Add sauerkraut to the spice mix and stir well. Lay the porkribs on top of the sauerkraut and cover the skillet. Leave the temperature at about medium, but reduce the heat if it starts boiling too much.

Put your potatoes into the pan. They should be ready in about 10-15 minutes, depending on the size. You can test them by sticking a knife into one of the potatoes. They shouldn't be too hard anymore, but the potato also shouldn't fall apart by sticking that knife into it.

The sauerkraut and ribs only need to be heated up and are ready the same time as your potatoes. Arrange ribs, sauerkraut and potatoes on a plate, add some mustard and/or horseradish and serve a nicely chilled german beer with it.

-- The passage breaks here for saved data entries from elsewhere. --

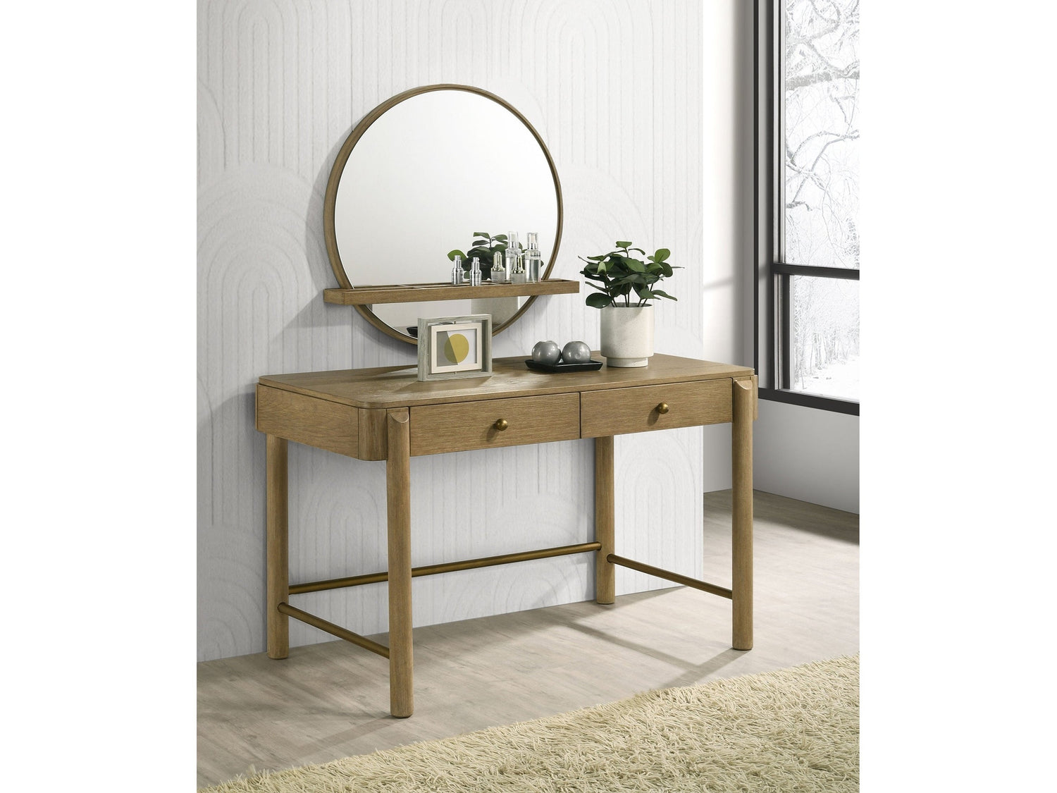 - Includes: One (1) vanity table and one (1) mirror- Two piece makeup vanity set includes a vanity table and a round wall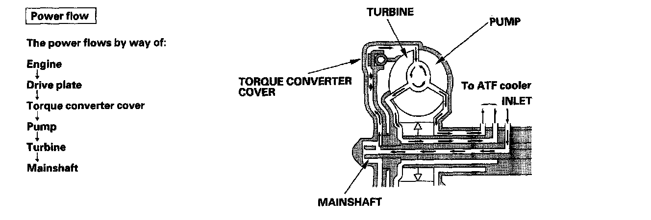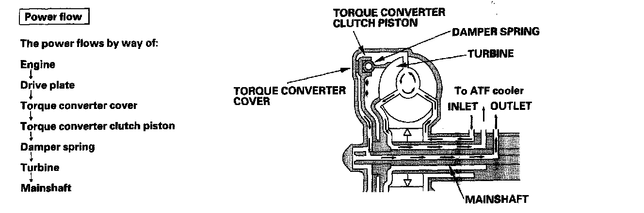 Fluid entered from the chamber between the torque converter cover and the torque converter clutch piston passes through the torque converter and goes out through the chambers between the turbine and the stator, and between the pump and the stator. As a result, the torque converter clutch piston moves away from the torque converter cover, and the torque converter clutch is released; torque converter clutch lock-up OFF.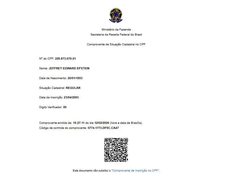 A Gazeta do Povo entrou em contato com a Receita Federal para comentar a existência do CPF em nome de Epstein, mas o órgão não se manifestou até a publicação desta matéria. O texto será atualizado quando houver resposta.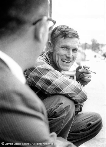 Wendell Hoffman, CBS film cameraman. Mt. Zion ruins, Longdale, MS, July 9, 1964 (1746A-B3)

At 11:02 PM, Anonymous Anonymous said...


Schreiner's stuffed bacon (fully-cooked and thinly-sliced for sandwiches), their spreadable kalbsleber and slices of one of their several hams are the best choices around for a top notch #1 Bahn Mi Vietnamese sandwich. These meats match up perfectly with the garlic mayonnaise; lightly pickled daikon and carrot julienne, the sliced jalapeños and cilantro sprigs typically found in the classic Bahn Mi. They are less fatty and more flavorful than their Vietnamese counterparts. Just up the hill from Schreiner's is Oven Bakery (on Ocean View) which sells ficelles (smaller, more narrow French baguettes) for 75¢ each and standard baguettes for $2.25. These too, are both perfect for Bahn Mi.


At 11:45 PM, Blogger Dan said...


Fantastic comment! So glad you're reading this blog! I will try out Bahn Mi for sure. I also found a site that describes more in detail about Bahn Mi.